[Data excerpts]
####

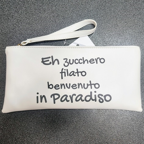 Pochette lunga con manico bianca in ecopelle Mare Fuori - 28 x 13 cm - Eh zucchero filato benvenuto in Paradiso
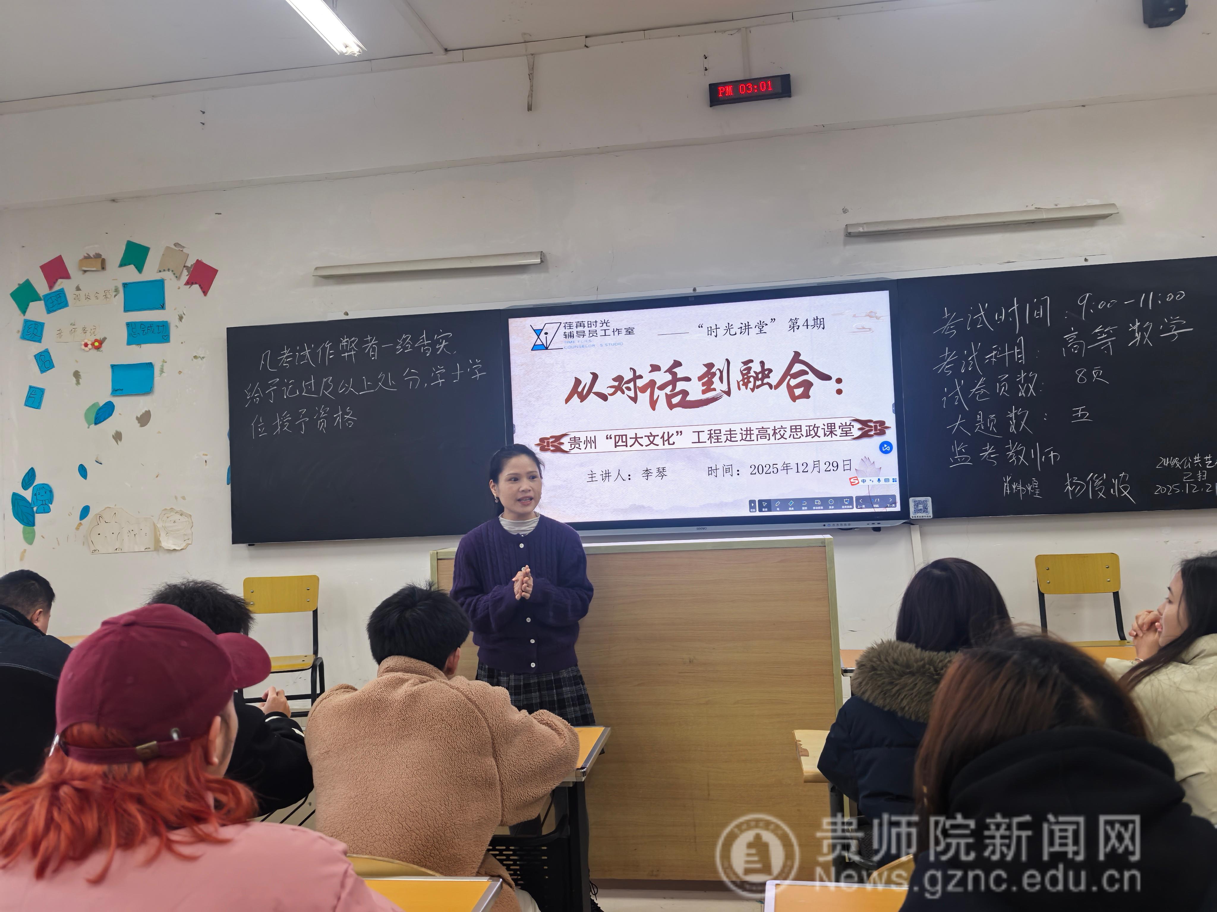 为推动贵州地方优秀文化与高校思想政治教育深度融合,将文化自信融入青年学子成长成才全过程,12月29日,荏苒时光辅导员工作室“时光讲堂”第四期活动在逸夫楼515教室顺利举办。本次讲堂以“从对话到融合——贵州四大文化工程走进思政课堂”为主题,由工作室核心成员、成人色情
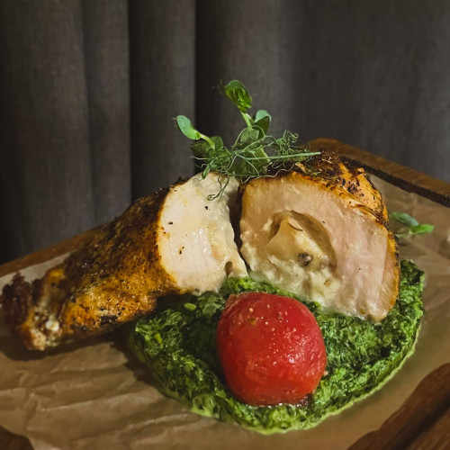 філе курки, сир Брі, білі гриби, подушка зі шпинату, помідори Чері
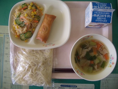 3月7日(水)の給食☆本日の献立☆ 中華麺、タンメンスープ、春巻き、中華サラダ いつものように、春巻きの皮はパリッと、中華サラダの春雨は程よい固さと…できたてが食べられる自校給食の味と食感を楽しんでいます。 |
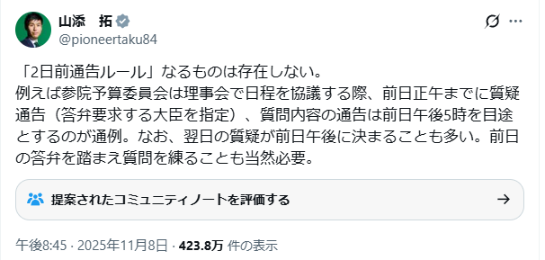 元霞が関職員として言わせて頂きたい??午前3時に高市総理の出勤が必要なのは、そもそも「(特に野党の)質問通告が遅い」からです。総理が前日にご覧になりたくても質問も答弁も完成していない。前々日の正午まで??という通告ルール、どれほどの野党議員が守ってますか?エビデンスは以下の人事院調査での切なる声をご覧ください。
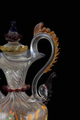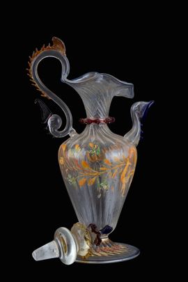 Versatoio in vetro soffiato e policromo con decori dipinti a motivi floreali. XVIII secolo.
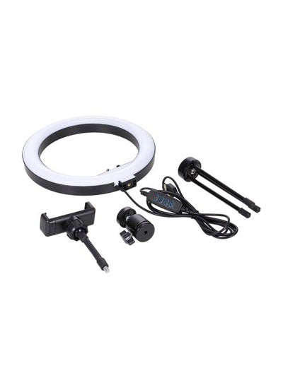 مصباح تصوير فيديو بحلقة LED مع حامل ثلاثي القوائم وإكسسوار أبيض/أسود
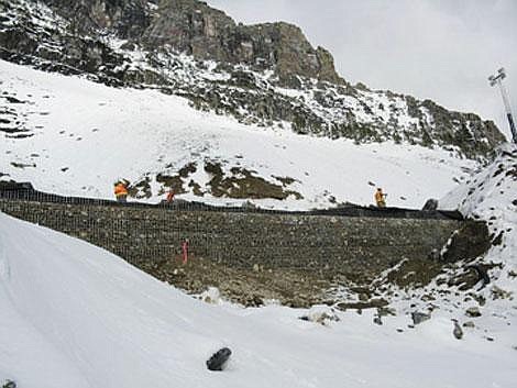 Despite the snow, construction crews have plowed the Sun Highway and continued work there, as they try to shore up the road where it was damaged by flooding last November.
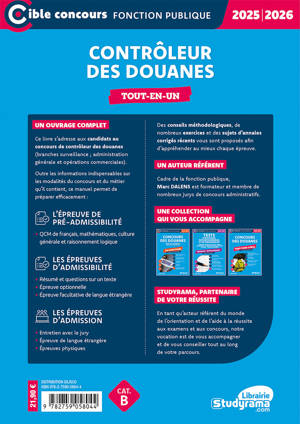 Ce livre s’adresse aux candidats au concours de contrôleur des douanes (branches surveillance ; administration générale et opérations commerciales).
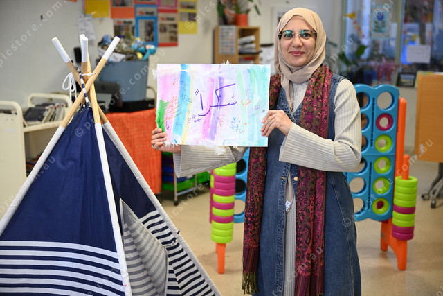 Pic of Zara Al-Hasany runs the Arabic playgroup at Thomastown Neighbourhood House and is receiving a SCULLIN Volunteer award. Photo by Damjan Janevski. 486363_04
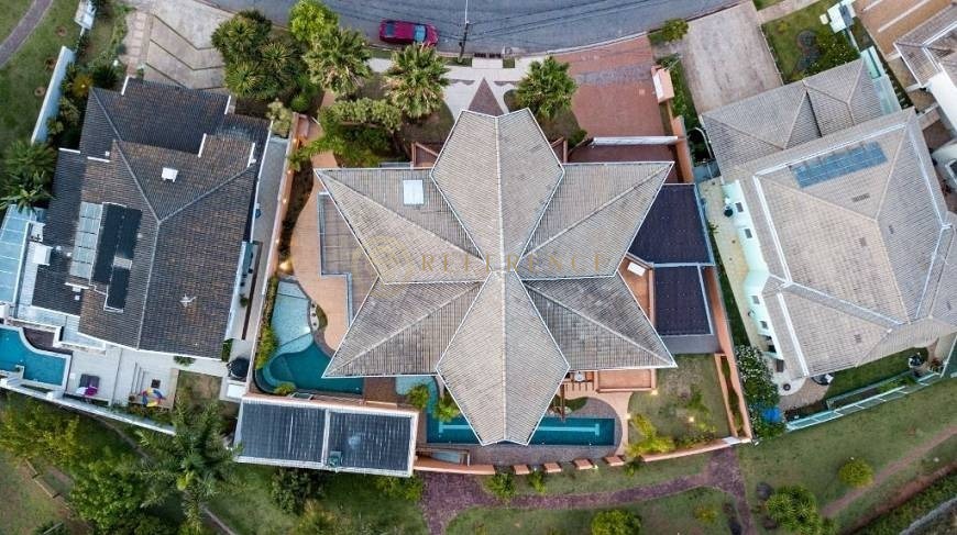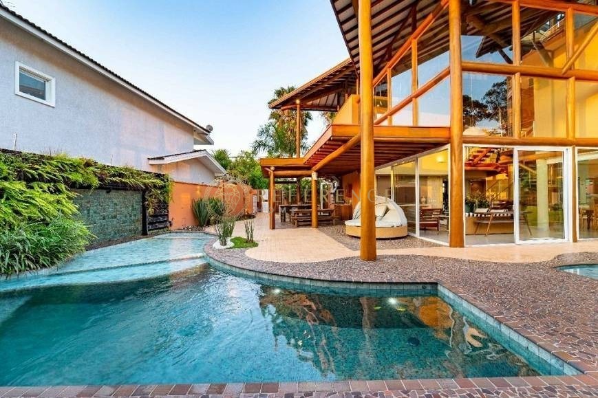 1.000 m² de terreno | 3 suítes (1 master) + suíte de hóspedes | 2 piscinas | SPA com sauna e jacuzzi | Academia | Espaço gourmet | 6 vagas de garagem
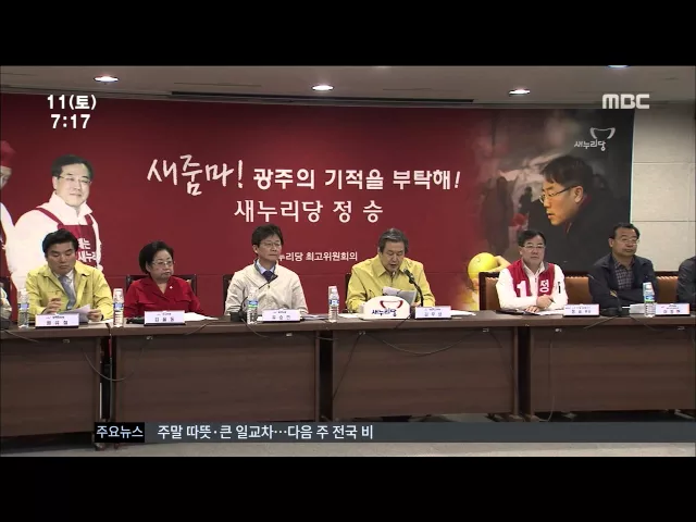 (앵커) 김무성 대표를 비롯한 새누리당 지도부가 광주에서 최고위원회의를 열었습니다. 짐작하시겠지만 보궐선거 때문입니다. 광주에 지원을 약속하면서 경쟁자들은 깎아내렸습니다. 김철원 기자입니다. (기자) 새누리당 지도부가 광주시청을 찾았습니다. 광주 서구을 보궐선거에 나선 정 승 후보 지원을 위해 지도부가 총...
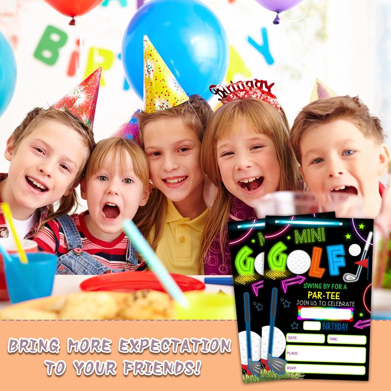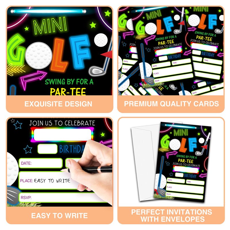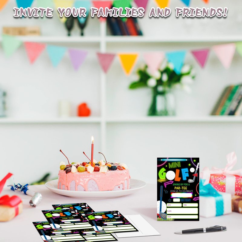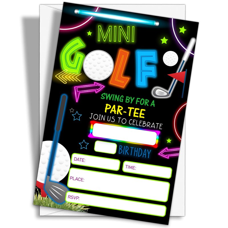 YQV Mini Golf Invitation Birthday Party Invitations, 20-Count Neon Glow Gloss Arcade Laser Sport Theme Birthday Party Invites With Envelopes-HBYQK-B01
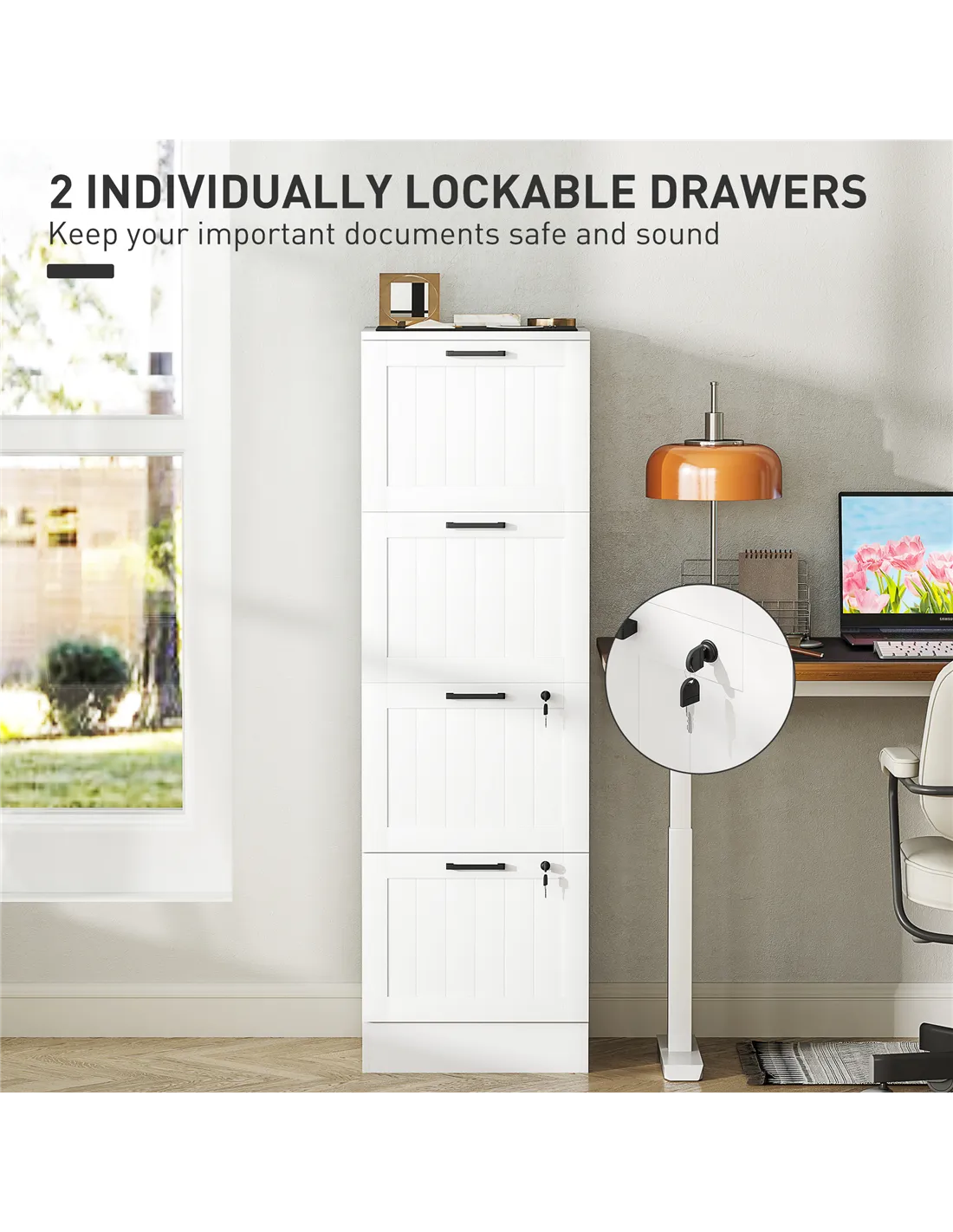 - Two drawers can be locked separately to secure important documents, including two keys per lock
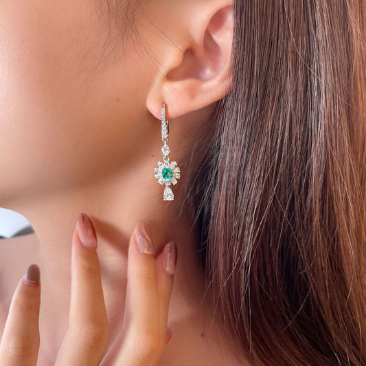 2 Carat Danity Tassel Green Lab-Created Emerald Halo Earring Minimalism Style May Birthstone Gift For Her
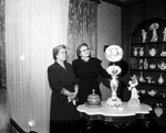 Mrs. Sidney Landman, right, shows the exhibit chairman, Mrs. Cary E. Rall, some of her Victorian "front parlor" bric-a-brac.
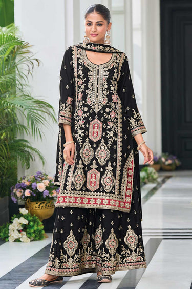 Black Color Chinon Fabric Trendy Readymade Palazzo Suit
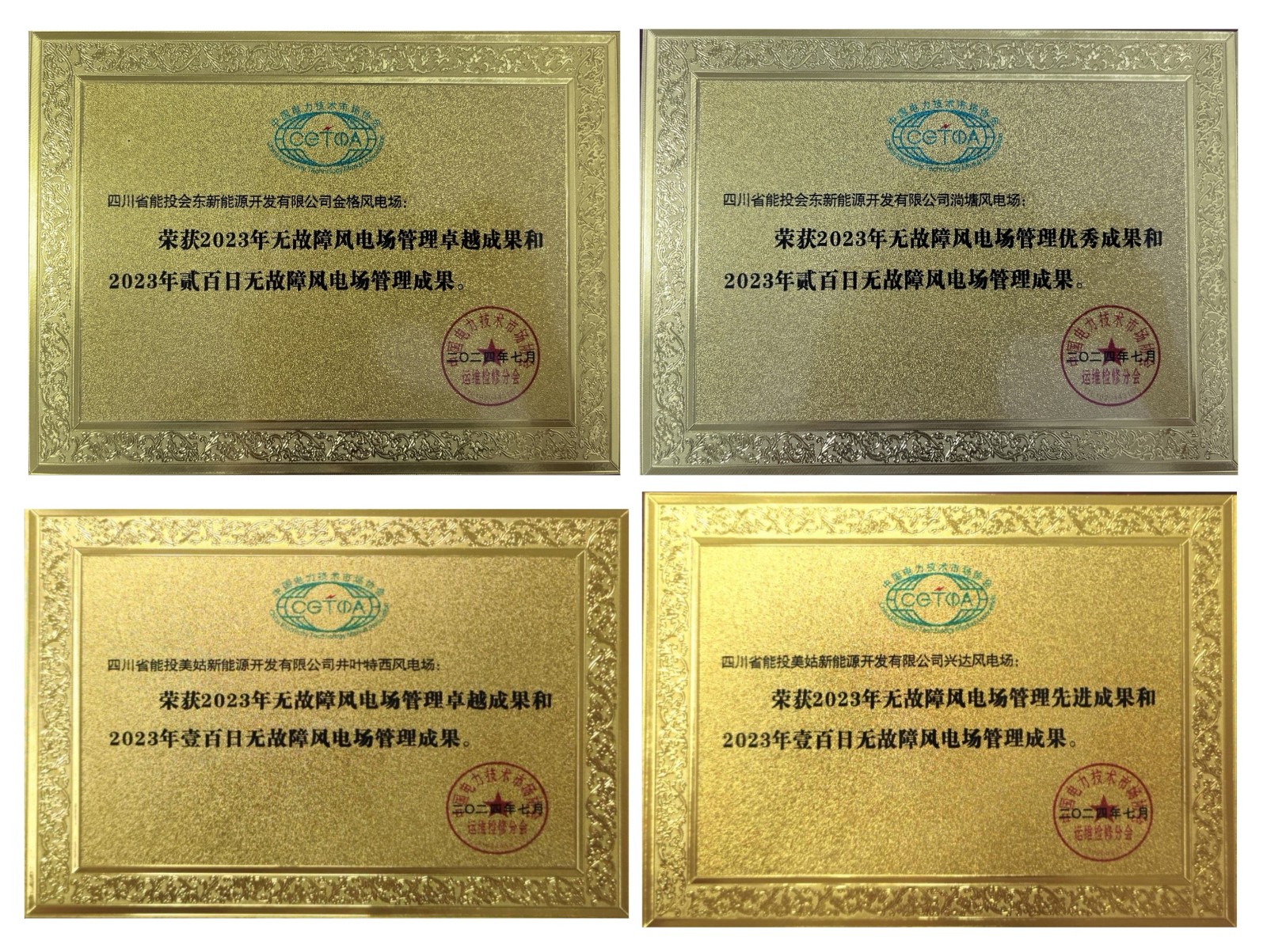 近日,由中国电力技术市场协会组织的第四届全国无故障风电场建设年会暨2023年无故障风电场管理成果发布会在河南郑州隆重召开。四川能投风电公司所属金格、淌塘、井叶特西及兴达风电场分别以224天、207天、170天及164天的无故障运行天数记录荣获全国“2023年无故障风电场管理成果奖”,其中金格和淌塘风电场更是获评“贰佰日无故障风电场”,树立了全国无故障风电场管理标杆。

####

Aim of the task -> Retype only the lines above from the one with "为推动贵州地方优秀文化与高校" through the one with "Pic of Zara", exactly and with both ends. Images stay out.

Answer below ->
 为推动贵州地方优秀文化与高校思想政治教育深度融合,将文化自信融入青年学子成长成才全过程,12月29日,荏苒时光辅导员工作室“时光讲堂”第四期活动在逸夫楼515教室顺利举办。本次讲堂以“从对话到融合——贵州四大文化工程走进思政课堂”为主题,由工作室核心成员、成人色情
 філе курки, сир Брі, білі гриби, подушка зі шпинату, помідори Чері
 3月7日(水)の給食☆本日の献立☆ 中華麺、タンメンスープ、春巻き、中華サラダ いつものように、春巻きの皮はパリッと、中華サラダの春雨は程よい固さと…できたてが食べられる自校給食の味と食感を楽しんでいます。 |
 元霞が関職員として言わせて頂きたい??午前3時に高市総理の出勤が必要なのは、そもそも「(特に野党の)質問通告が遅い」からです。総理が前日にご覧になりたくても質問も答弁も完成していない。前々日の正午まで??という通告ルール、どれほどの野党議員が守ってますか?エビデンスは以下の人事院調査での切なる声をご覧ください。
 Versatoio in vetro soffiato e policromo con decori dipinti a motivi floreali. XVIII secolo.
 مصباح تصوير فيديو بحلقة LED مع حامل ثلاثي القوائم وإكسسوار أبيض/أسود
 Despite the snow, construction crews have plowed the Sun Highway and continued work there, as they try to shore up the road where it was damaged by flooding last November.
 Ce livre s’adresse aux candidats au concours de contrôleur des douanes (branches surveillance ; administration générale et opérations commerciales).
 Pic of Zara Al-Hasany runs the Arabic playgroup at Thomastown Neighbourhood House and is receiving a SCULLIN Volunteer award. Photo by Damjan Janevski. 486363_04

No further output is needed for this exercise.